Task description
Copy each record below faithfully, leaving out images.

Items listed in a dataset

____

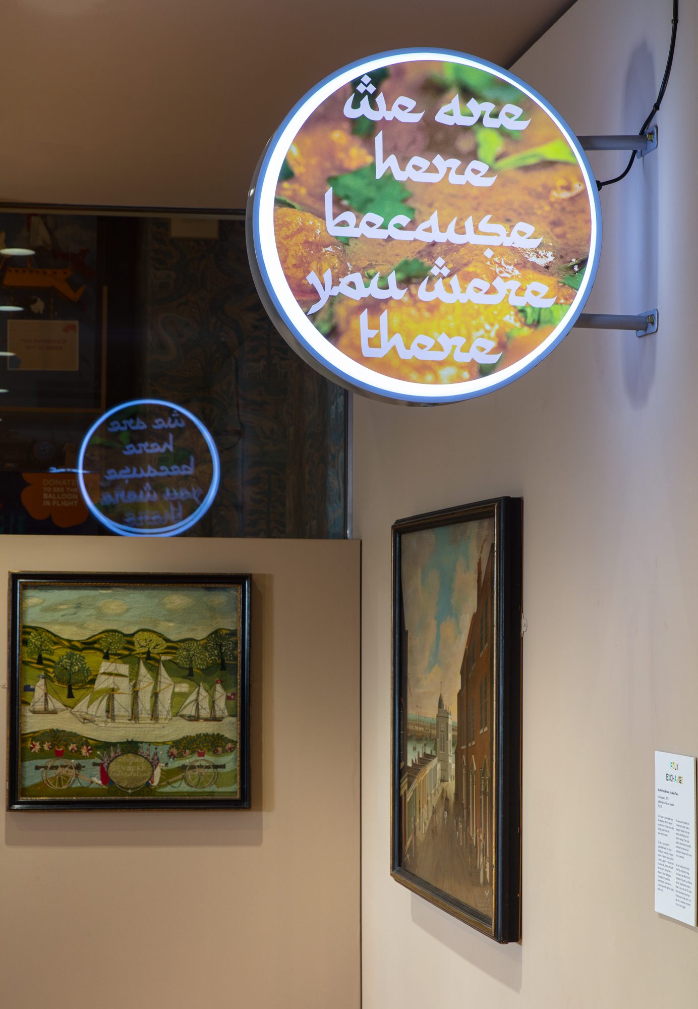 We Are Here Because You Were There (2022-24) is an art work in the form of a lightbox restaurant sign by artist Faisal Hussain (b. 1977).
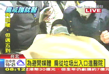 陳水扁上午從隔離通道進(jìn)醫(yī)院,因通道出入口放置垃圾,引發(fā)走“垃圾通道”爭議,下午則被安排走側(cè)門離開。桃園醫(yī)院副院長徐錦池表示,隔離通道是提供感染病人、監(jiān)所收容人使用,資源回收也使用同一出口,并非垃圾專用通道,沒有禮遇或鄙視的意思。
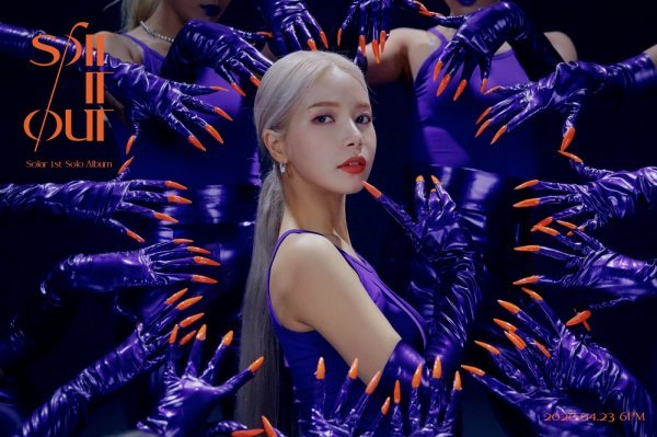 사진 속 솔라는 보라색 의상을 입은 댄서들 사이에서 만개한 꽃처럼 화려한 미모로 눈길을 사로잡는다. 신비로운 보라색 의상과 상큼한 오렌지색 네일팁이 황홀하고 화려한 분위기를 자아내며, 첫 티저부터 강렬함을 선사한다.
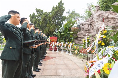 ????4月4日,第73集團(tuán)軍某旅組織官兵赴福建省廈門市鼓浪嶼英雄山革命烈士陵園祭奠先烈。
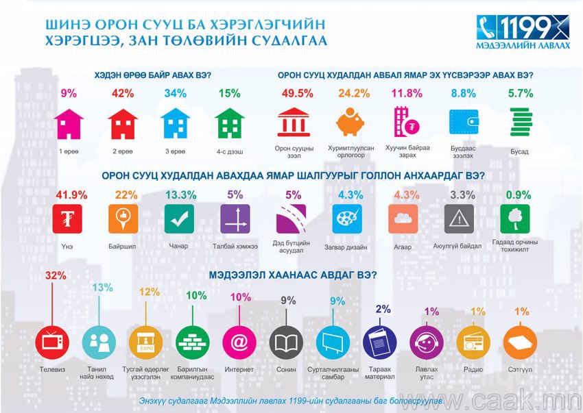 Орон сууцны үнэ ханш болон хэрэглэгчийн хэрэгцээ, зан төлөвийн талаар Мэдээллийн лавлах 1199-ийн судалгааны баг энэхүү сонирхолтой судалгааг боловсруулжээ.
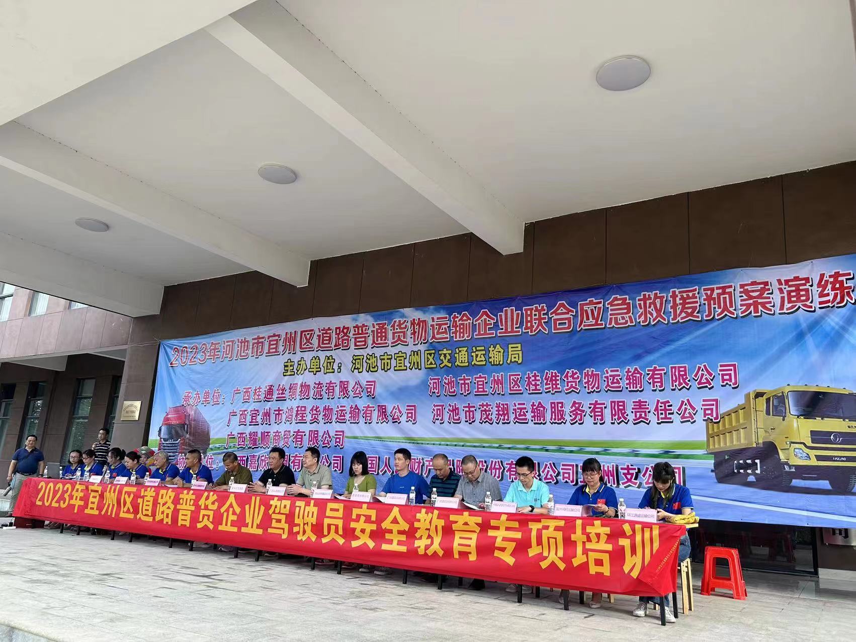 2023年6月是第22個(gè)“安全生產(chǎn)月”,為貫徹落實(shí)相關(guān)工作部署,進(jìn)一步檢驗(yàn)和完善《應(yīng)急救援預(yù)案》的實(shí)用性和有效性,由廣西河池市宜州區(qū)交通運(yùn)輸局主辦、廣西桂通絲綢物流有限公司等五家公司承辦、廣西嘉欣絲綢有限公司和中國(guó)人保宜州分公司共同協(xié)辦的宜州區(qū)道路普通貨物運(yùn)輸企業(yè)聯(lián)合應(yīng)急救援預(yù)案演練活動(dòng)于今日(2023年6月30日)在廣西嘉欣絲綢園內(nèi)舉行并圓滿完成。本次活動(dòng)還特別邀請(qǐng)了廣西恒業(yè)、廣西嘉聯(lián)、宜州宏基等多家繭絲綢企業(yè)共同參與。
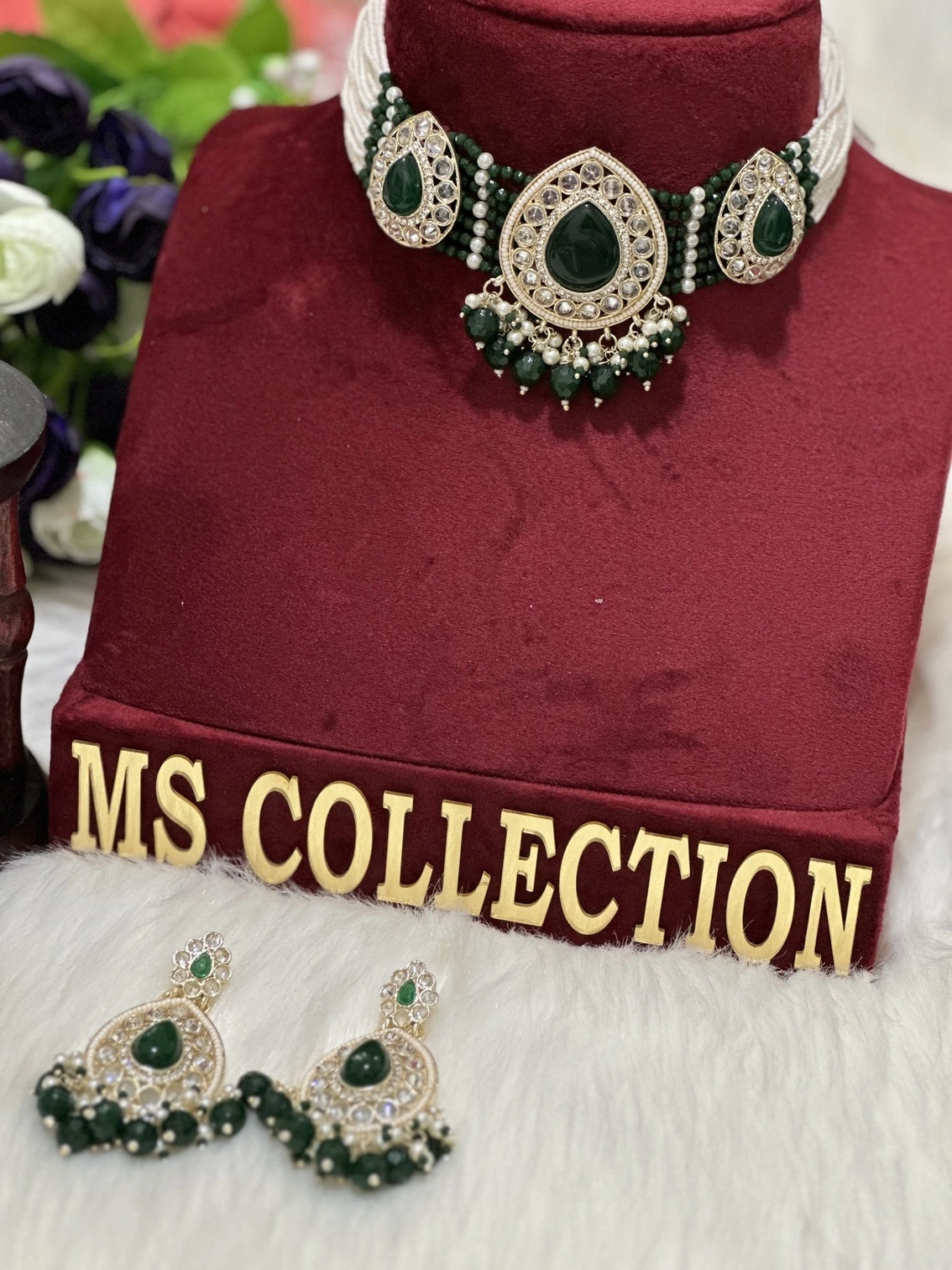 MS Collection’s dreamy and handpicked piece of Kundan jewellery, the choker necklace comes with Kundan earrings. Beautifully crafted and bedazzled jewellery with dark green Kundan beads, perfect with ethnic outfits!
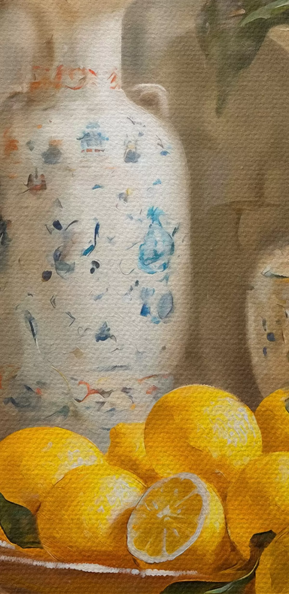 Ronde schilderijen Citroenen en vintage vazen op tafel Nr r39833
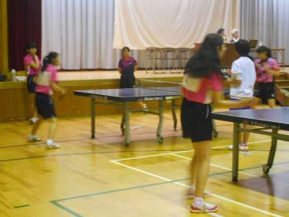 体育館では卓球部が滋賀県や兵庫県の中学校をたくさん招待して,まるで公式戦のような雰囲気で練習試合を行っていました。女子は強敵と当たっているようで,接戦が続いています。

____

Answer box
 We Are Here Because You Were There (2022-24) is an art work in the form of a lightbox restaurant sign by artist Faisal Hussain (b. 1977).
 陳水扁上午從隔離通道進(jìn)醫(yī)院,因通道出入口放置垃圾,引發(fā)走“垃圾通道”爭議,下午則被安排走側(cè)門離開。桃園醫(yī)院副院長徐錦池表示,隔離通道是提供感染病人、監(jiān)所收容人使用,資源回收也使用同一出口,并非垃圾專用通道,沒有禮遇或鄙視的意思。
 사진 속 솔라는 보라색 의상을 입은 댄서들 사이에서 만개한 꽃처럼 화려한 미모로 눈길을 사로잡는다. 신비로운 보라색 의상과 상큼한 오렌지색 네일팁이 황홀하고 화려한 분위기를 자아내며, 첫 티저부터 강렬함을 선사한다.
 ????4月4日,第73集團(tuán)軍某旅組織官兵赴福建省廈門市鼓浪嶼英雄山革命烈士陵園祭奠先烈。
 Орон сууцны үнэ ханш болон хэрэглэгчийн хэрэгцээ, зан төлөвийн талаар Мэдээллийн лавлах 1199-ийн судалгааны баг энэхүү сонирхолтой судалгааг боловсруулжээ.
 2023年6月是第22個(gè)“安全生產(chǎn)月”,為貫徹落實(shí)相關(guān)工作部署,進(jìn)一步檢驗(yàn)和完善《應(yīng)急救援預(yù)案》的實(shí)用性和有效性,由廣西河池市宜州區(qū)交通運(yùn)輸局主辦、廣西桂通絲綢物流有限公司等五家公司承辦、廣西嘉欣絲綢有限公司和中國(guó)人保宜州分公司共同協(xié)辦的宜州區(qū)道路普通貨物運(yùn)輸企業(yè)聯(lián)合應(yīng)急救援預(yù)案演練活動(dòng)于今日(2023年6月30日)在廣西嘉欣絲綢園內(nèi)舉行并圓滿完成。本次活動(dòng)還特別邀請(qǐng)了廣西恒業(yè)、廣西嘉聯(lián)、宜州宏基等多家繭絲綢企業(yè)共同參與。
 MS Collection’s dreamy and handpicked piece of Kundan jewellery, the choker necklace comes with Kundan earrings. Beautifully crafted and bedazzled jewellery with dark green Kundan beads, perfect with ethnic outfits!
 Ronde schilderijen Citroenen en vintage vazen op tafel Nr r39833
 体育館では卓球部が滋賀県や兵庫県の中学校をたくさん招待して,まるで公式戦のような雰囲気で練習試合を行っていました。女子は強敵と当たっているようで,接戦が続いています。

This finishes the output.